Finding Ball Chasers

I have a dog that only wants to chase balls. My wife and I could sit in our backyard 24×7 and not wear her out. As I write this, I’m sitting here with my ball chucker filling the need of my miniature Australian Labradoodle.

The marketing trifecta is when your product is so good, it matches your customers’ needs exactly and they want to consume it over and over again.

Product = tennis ball
Customer = dog
Frequency = hourly

Have you hit the marketing trifecta yet in your business? If not, keep looking and you’ll find them.

How to name and position a product (not!)

In less than 24 hours one of the largest hurricanes ever, “Hurricane Irma,” will make landfall in Florida. It’s scary. Just search for the terms, “Images of Hurricane Irma” and you’ll see what I mean.

Whoever’s in charge of the naming hurricanes should try something more dramatic, like how the military names their operations:

  • Spartan Scorpion
  • Bayonet Lightning
  • Warrior’s Rage
  • Gothic Serpent
  • Montana Mauler

If CNN said, “A mandatory evacuation has been called because Gothic Serpent is approaching and will destroy everything in it’s path,” people would begin to understand the dramatic nature of what is about to hit. Maybe the National Hurricane Center could use this.

 

If you only had an albino raccoon.

Raccoon Photo

Who else do you know that owns an albino raccoon? Think of the exclusivity!  You could charge a small fortune for people to see this amazing mystery of nature. There’s clearly no competition.

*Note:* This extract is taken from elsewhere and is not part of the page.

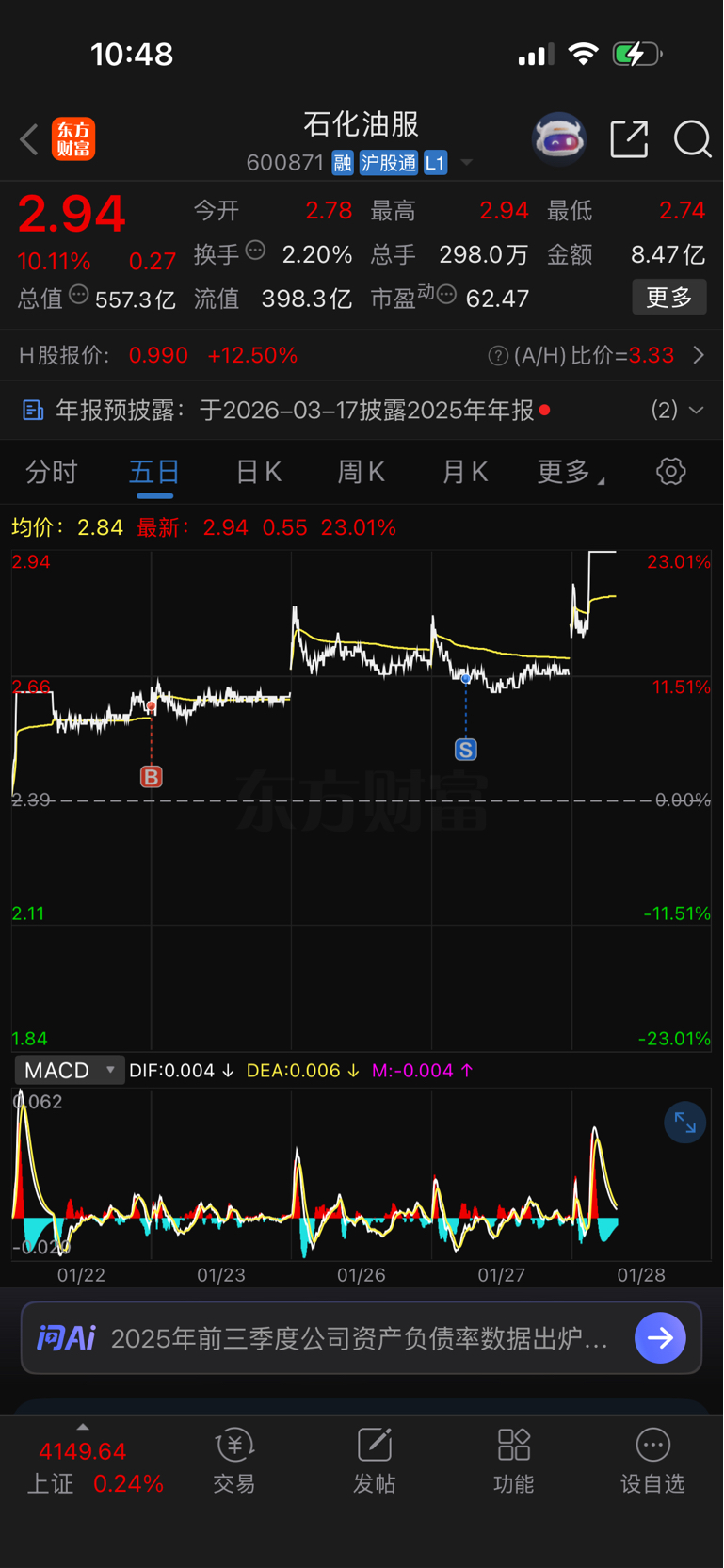 $石化油服(SH600871)$ 看好,可惜卖飞了!

Unfortunately there’s nearly no market, unless you’re a dad driving through the desert in the American West with kids under the age of 12 who need to stretch their legs after a long ride.

Marketing isn’t just about creative pictures and words, it begins with a business goal. If your goal is just to make a handful of girls happy each year, an albino raccoon is a perfect product. If you want to build a larger business, you need an army of albino animals, plush toys, and a popular kids cartoon.

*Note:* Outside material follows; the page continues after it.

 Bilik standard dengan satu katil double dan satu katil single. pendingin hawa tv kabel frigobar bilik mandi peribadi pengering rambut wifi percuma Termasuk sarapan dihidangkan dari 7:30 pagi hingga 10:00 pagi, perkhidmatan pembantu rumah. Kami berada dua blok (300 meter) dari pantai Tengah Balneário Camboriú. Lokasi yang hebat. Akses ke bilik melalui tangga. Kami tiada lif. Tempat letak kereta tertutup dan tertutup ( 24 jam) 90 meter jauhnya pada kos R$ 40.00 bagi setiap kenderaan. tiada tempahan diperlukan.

Ask yourself, what is your business about, and then you can figure out the price, the place, and the promotion.

For the record, despite the pleas from my daughters, I did not pay to see the raccoon.

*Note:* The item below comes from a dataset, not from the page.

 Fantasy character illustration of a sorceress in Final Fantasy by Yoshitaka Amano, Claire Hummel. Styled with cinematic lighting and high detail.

How do I keep my regular clients if my product changes?

On a recent road trip through Moab, Utah (a place we’ve been several times before), my 18-year old son was upset with some of the changes—new hotels, new (more) tourists, new restaurants. Some would call it progress. My son called it destruction. Destruction of what the city’s “product” used to be—small, remote, undiscovered.

Their product (the town culture) seems to change every time we go there—probably at a faster pace since the days when it was a dusty trading post in the early 1800’s—even though the population is only about 5,200 people. But in many people’s eyes, it has changed too much.

What about changes that some people think are improvements? Like new restaurants, or the elimination of the uranium mines? If the product stays the same forever, will it be a product people will want to continue to use? It’s a fine line!

If your iPhone never changed, would you ever buy a new one? If your car was still a horse, would your life be as productive? If your favorite vacation spot grew too touristy too fast, would you keep going back?

Certain products need to be updated to keep their clientele and some should stay the same. Remember the New Coke disaster? Before you make a change to your product, think first about your raving fans because they’ll promote you all day long if you make changes that will improve, not take away from their lives.